Yosemite toads have several apparent adaptations to high elevation. Males live to be at least 12 years, and females until at least 15 years. Their longevity probably helps them outlast years of low snowpack that cause poor breeding conditions, and thus low metamorphic recruitment. They are largely diurnal in contrast to the majority of anurans, probably owing to the cold mountain temperatures. Aligning their activities with diel peaks in warmth allows them to absorb solar energy to catch and biosynthesize food. The high level of melanism in eggs and tadpoles (and possibly in adult females), as well as the tendency for tadpoles to congregate in the warm shallows, probably serves the same purpose. Similarly, the selection of shallow breeding sites by adults, and shallow water margins by tadpoles, probably reflects the intense pressure to metamorphose in a short season, and hence the importance of using high temperature for rapid development. The marked dichromatism between males and females is still an evolutionary mystery. One possible explanation sexual selection. Females could be sexually selecting for lighter coloration in males, as some kind of proxy for male fitness, or males could be signaling their maleness to attract females and ward off over-zealous males.
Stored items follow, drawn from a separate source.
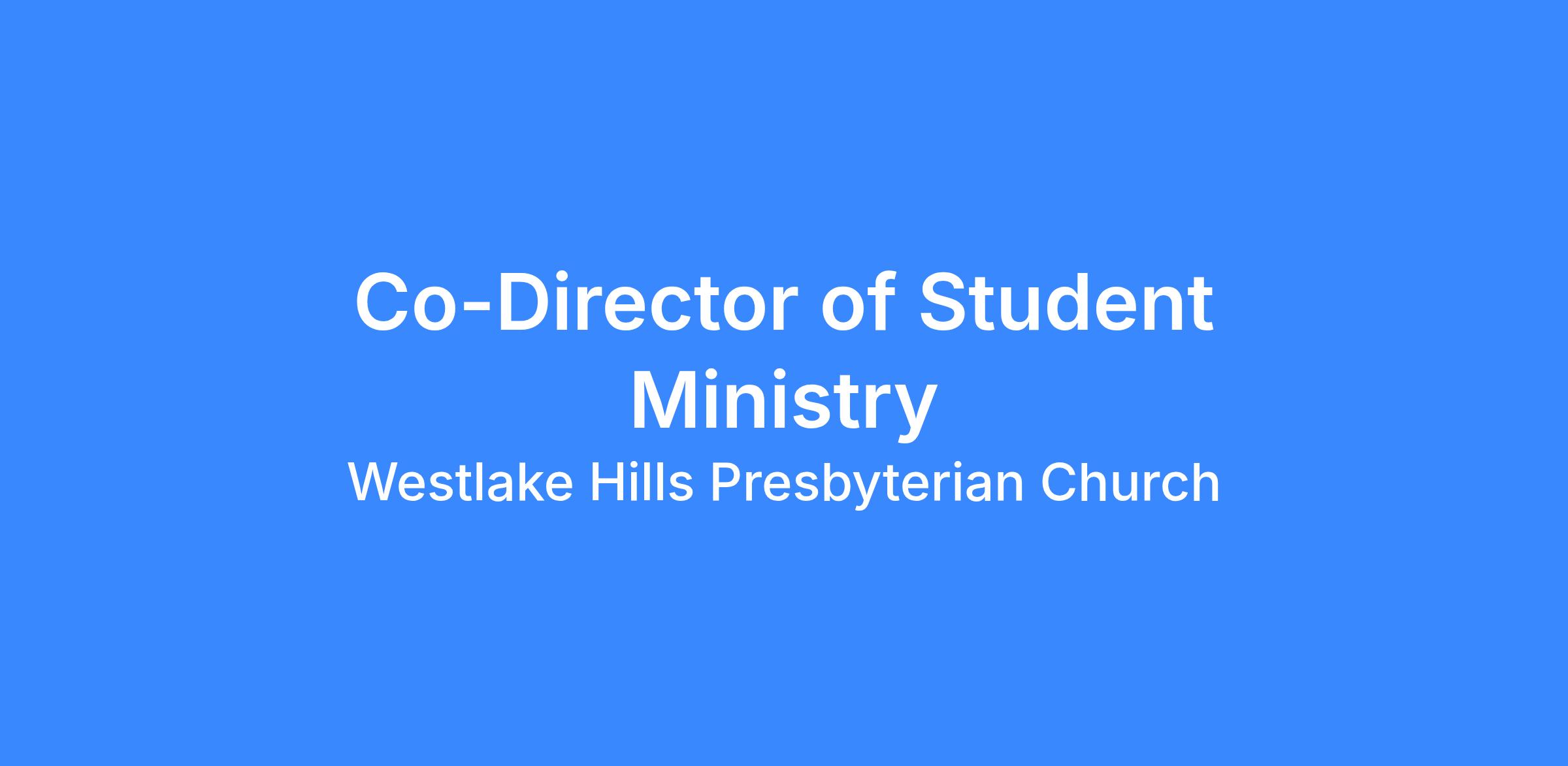 The Co-Director of Student Ministry provides collaborative leadership for middle and high school students at Westlake Hills Presbyterian Church (WHPC). This role focuses on building meaningful relationships with students and helping them grow in faith, identity, and community.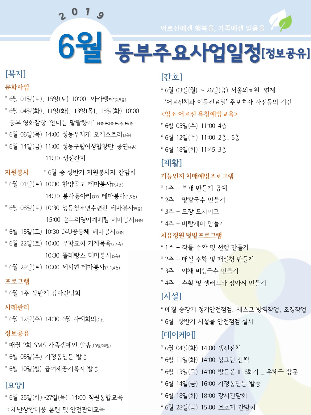 2019년 6월 동부주요사업일정 페이지 정보 작성자 최고관리자 작성일2019-05-29 17:25 조회12,132회 댓글0건 관련링크 이전글 다음글 목록 본문 댓글목록 등록된 댓글이 없습니다. 이전글 다음글 목록
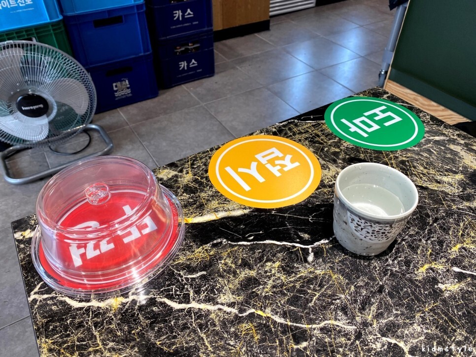 먹고 나서 뚜껑, 접시, 도마 자리에 각가 놔두면 직원분이 수시로 치워준다.

Males of the Yosemite toad and many other bufonid species change into a lighter color during breeding (e.g. Western toads, American toads), and other notable high elevation bufonids outside North America are highly sexually dichromatic (e.g. golden toads, yellow toads, marbled toads). Another more likely hypothesis is that males and females occupy largely different habitats, and evolution has de-coupled camouflage between the sexes. Males spend disproportionately more time in shallow, brown, silty breeding ponds, where they are highly exposed to predators. In contrast, females quickly leave pond habitat for rocky upland habitat where disruptive coloration may be more suitable. More than 60% of adults toads found in upland habitat during the late summer are females, whereas less than 10% are males. In lowland breeding habitat, this pattern is reversed: 54% of adult toads are males, and only 19% are females. Regardless of which hypothesis is correct, their diurnal habits make color and pattern subject to increased selection.